BaruchG avatar Jul 28 '22 16:07 BaruchG

Hi @BaruchG, thank you for showing your interest in contributing, and sorry for the delay!

It works if I add "torchtext==0.9.1" to the pip install in the first cell. Is it ok if it's pinned to that version of torchtext?

We will soon be releasing PL 1.7, and PL 1.7 drops PyTorch 1.8 support, so I think that one reasonable fix would be to use a newer version of PyTorch along with PyTorch-related packages, such as torchvision, following the compatibility matrix. The compatibility matrix can be found in the following script of ours which is copied and pasted from their official READMEs: https://github.com/Lightning-AI/lightning/blob/a90ef3b751816fbcc2b7d45efcd38714a4f6c19b/requirements/pytorch/adjust-versions.py#L8-L14

akihironitta avatar Jul 28 '22 18:07 akihironitta

Looking at this again, I think we should update the installation to:

- ! pip install --quiet "seaborn" "pytorch-lightning>=1.4" "ipython[notebook]" "torch>=1.6, <1.9" "pandas" "torchvision" "torchmetrics>=0.6"
+ ! pip install --quiet "seaborn" "pytorch-lightning>=1.4" "ipython[notebook]" "torch>=1.9, <1.13" "pandas" "torchvision" "torchmetrics>=0.6"
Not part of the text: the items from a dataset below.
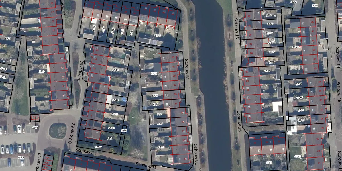 Het perceel waarop Schouw 51 37 staat heeft een oppervlakte van 612 m². Dit is een groot perceel. De perceeloppervlakte wordt geregistreerd door het Kadaster. Gedetailleerde informatie over de maten van dit perceel kunt u vinden in het rapport Kadastrale kaart met maatvoering van Schouw 51 37.
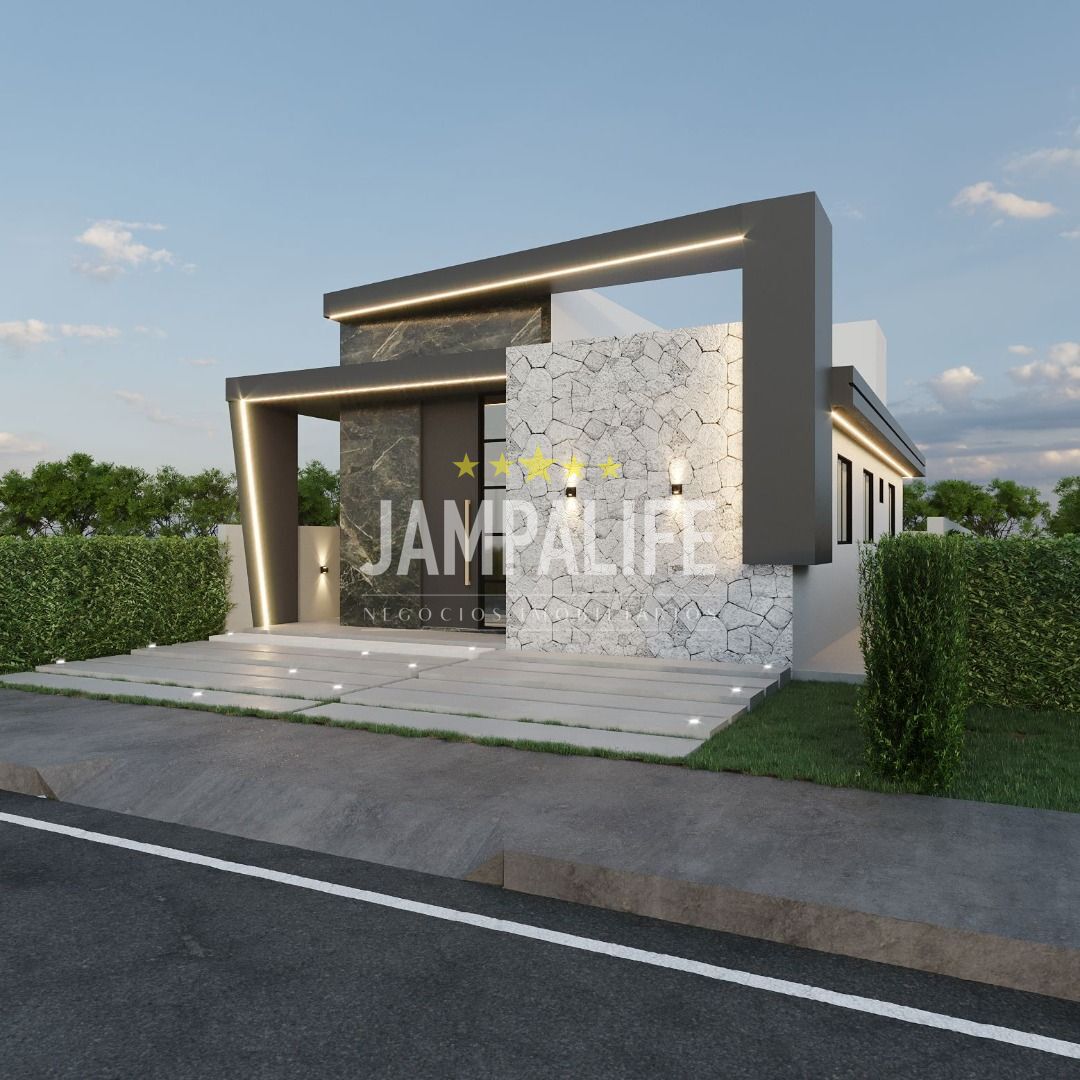 A casa medindo 103 m² de área construída e 10x20 de área total do terreno, frente sul, possui sala de estar integrada com cozinha americana, 03 quartos sendo 01 suite master com closet, wc social área de serviço e 02 vagas de garagem.
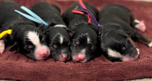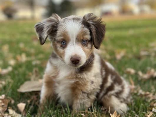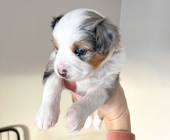Our Australian Shepherd puppies include red merle, blue merle, black tri-color, and red tri-color. Colors will vary depending on the parent dogs.
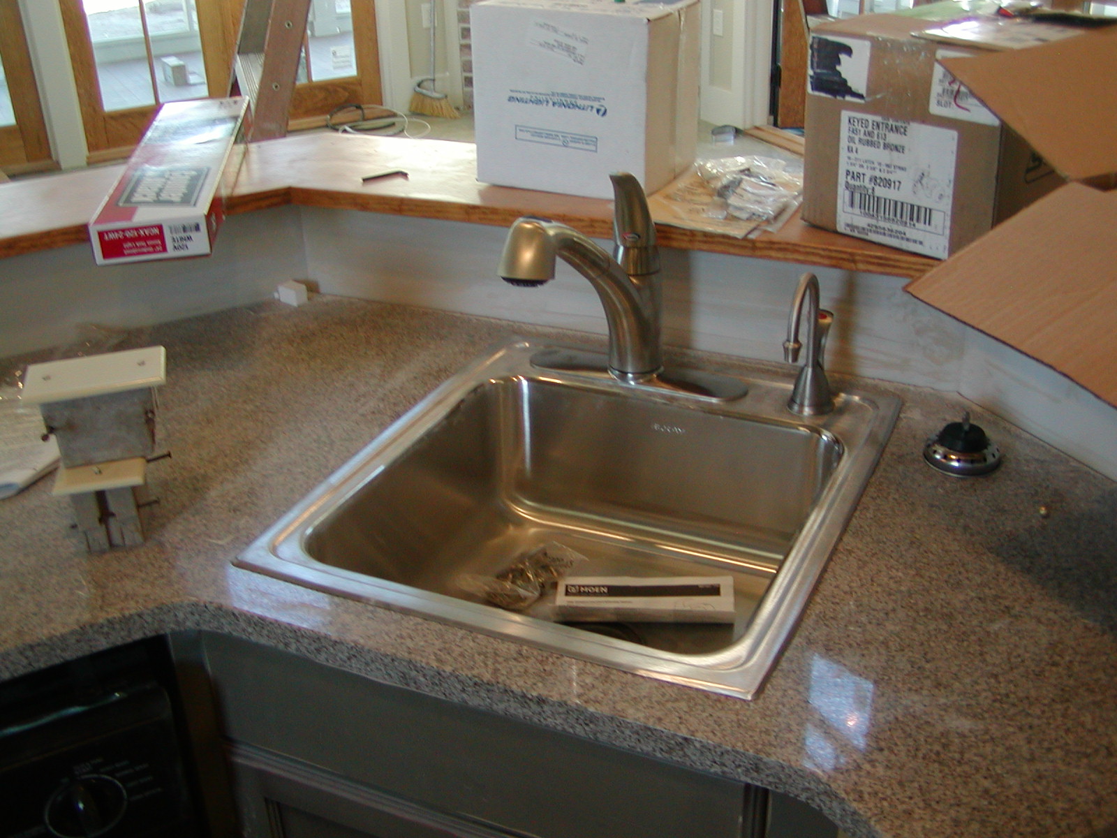 January 8, 2009 -- The kitchen sink is ready to install. Right now, we are waiting on the backsplash to be installed. The dispenser on the right of the sink is an instant hot water dispenser. | ![]() |
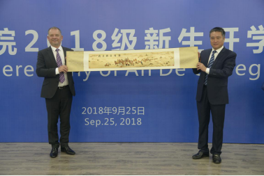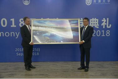 副校长牛荻涛与南澳大学副校长Allan Evans代表两校互赠礼物。
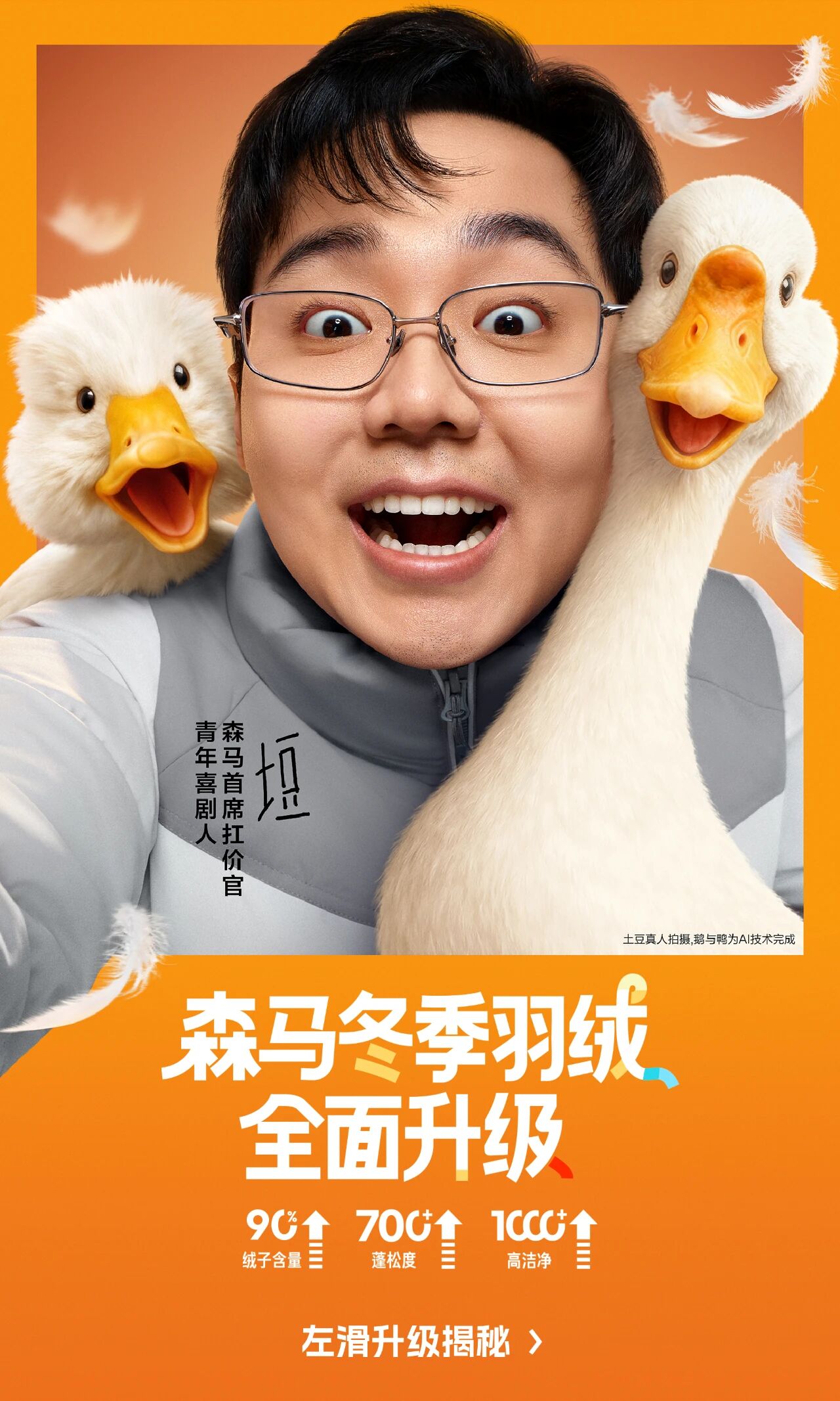就在这样的市场背景下,森马另辟蹊径,邀请青年喜剧人“土豆”担任“森马首席扛价官”,推出了一支既荒诞又好笑的羽绒服广告片。这支广告片不仅巧妙回应了“涨价”争议,更凭借独特创意和趣味表达,成功吸引了消费者的目光,让“森马羽绒服全面升级”的消息深入人心,为品牌在冬季市场竞争中赢得了先机。
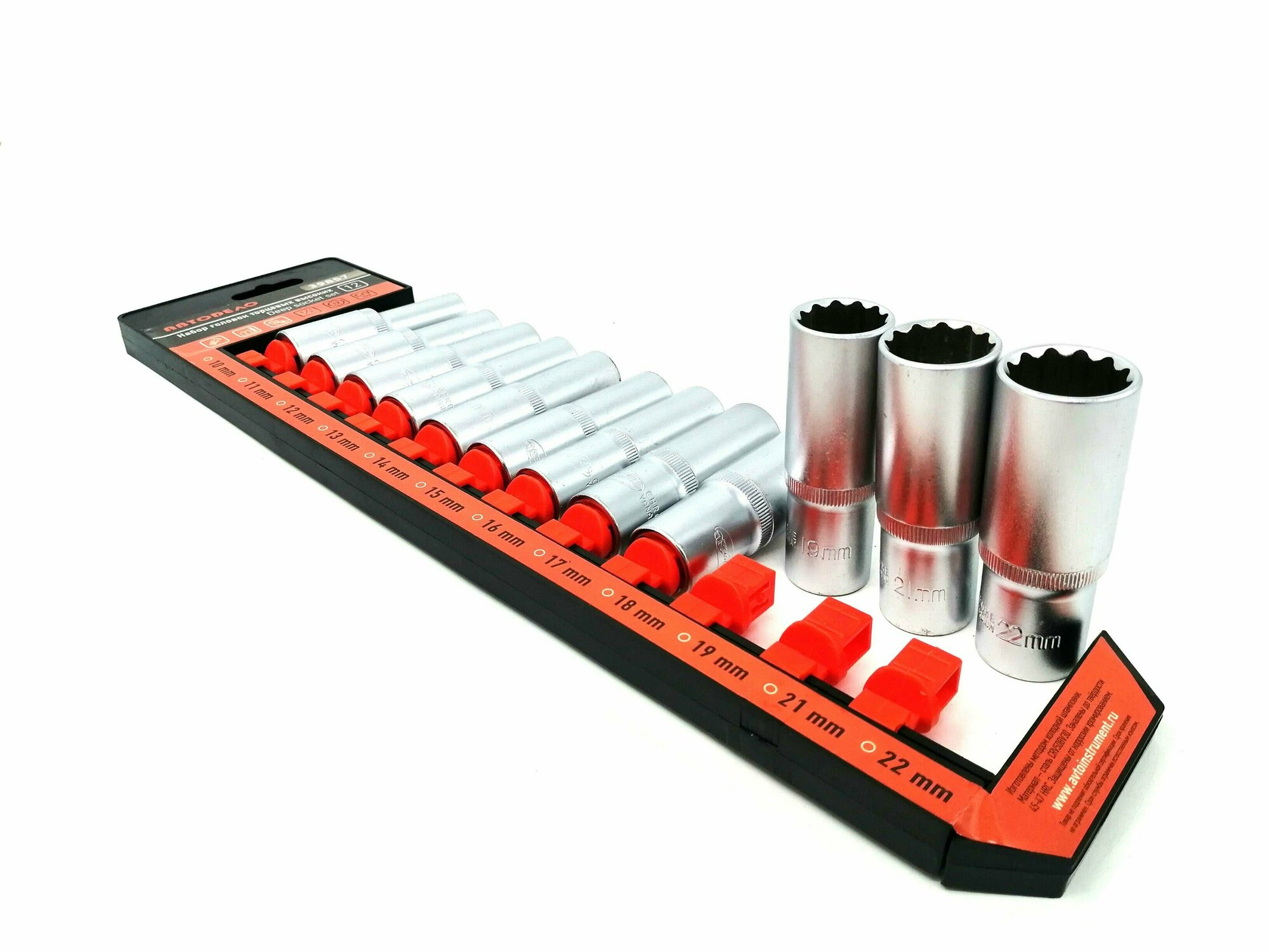 Набор головок глубоких 1/2" 12 пр. 12 гр. 10-22 мм на держателе АвтоДело информация:
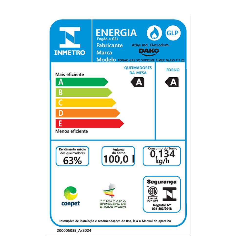 Fogão 5 Bocas Dako Supreme Timer Glass
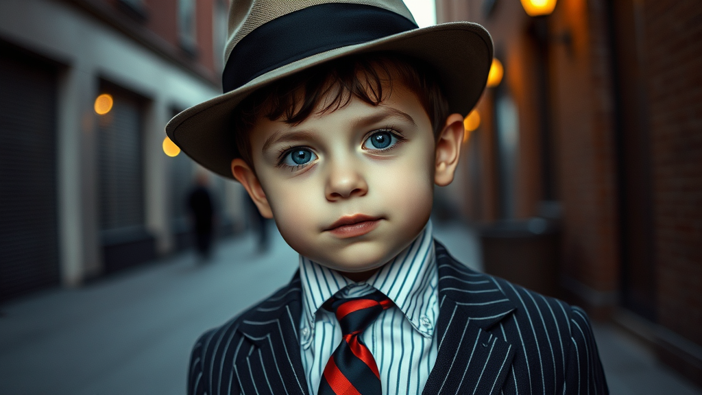 hyper realistic photograph of a child dressed as a mobster, 50 mm lens, soft film grain, Kodak Portra 800 colors, vintage ambiance, mischievous expression, classic fedora and pinstripe suit, urban backdrop with subtle shadows, warm and nostalgic vibe
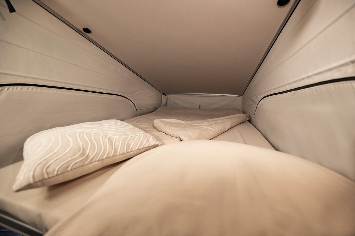 Il collaudato concetto di spazio abitativo della nuova Classe V Marco Polo rimane invariato. Il camper offre ancora spazio per un massimo di quattro persone ed è dotato di serie, tra l’altro, di un tetto sollevabile con letto a tetto, una combinazione di sedili e cuccette, un tavolo pieghevole, una cucina completamente attrezzata e un guardaroba.

or remove the version pinning completely and print out versions so that there will be specific versions in the built notebooks for successful runs:

- ! pip install --quiet "seaborn" "pytorch-lightning>=1.4" "ipython[notebook]" "torch>=1.6, <1.9" "pandas" "torchvision" "torchmetrics>=0.6"
+ ! pip install --quiet "seaborn" "pytorch-lightning" "ipython[notebook]" "torch" "pandas" "torchvision" "torchmetrics"
+ ! pip list | grep torch

@Borda Is there some reason why we pin these versions in notebooks? I'm thinking we might want to unpin these versions so that notebooks are always up-to-date (unless some of the packages must be pinned for compatibility).

akihironitta avatar Jul 28 '22 18:07 akihironitta

Is there some reason why we pin these versions in notebooks? I'm thinking we might want to unpin these versions so that notebooks are always up-to-date (unless some of the packages must be pinned for compatibility).

I think they are pinned as part of the .meta.yaml as you can see for example: so if you want to unpin we shall update it there... :otter: https://github.com/Lightning-AI/tutorials/blob/4c13fe1f922eff0f172b05c01d098308a1c86575/templates/img-classify/.meta.yml#L11-L15

Borda avatar Jan 03 '23 11:01 Borda

This shall be addressed #210 #232 #233 #236 #237

Borda avatar Mar 19 '23 08:03 Borda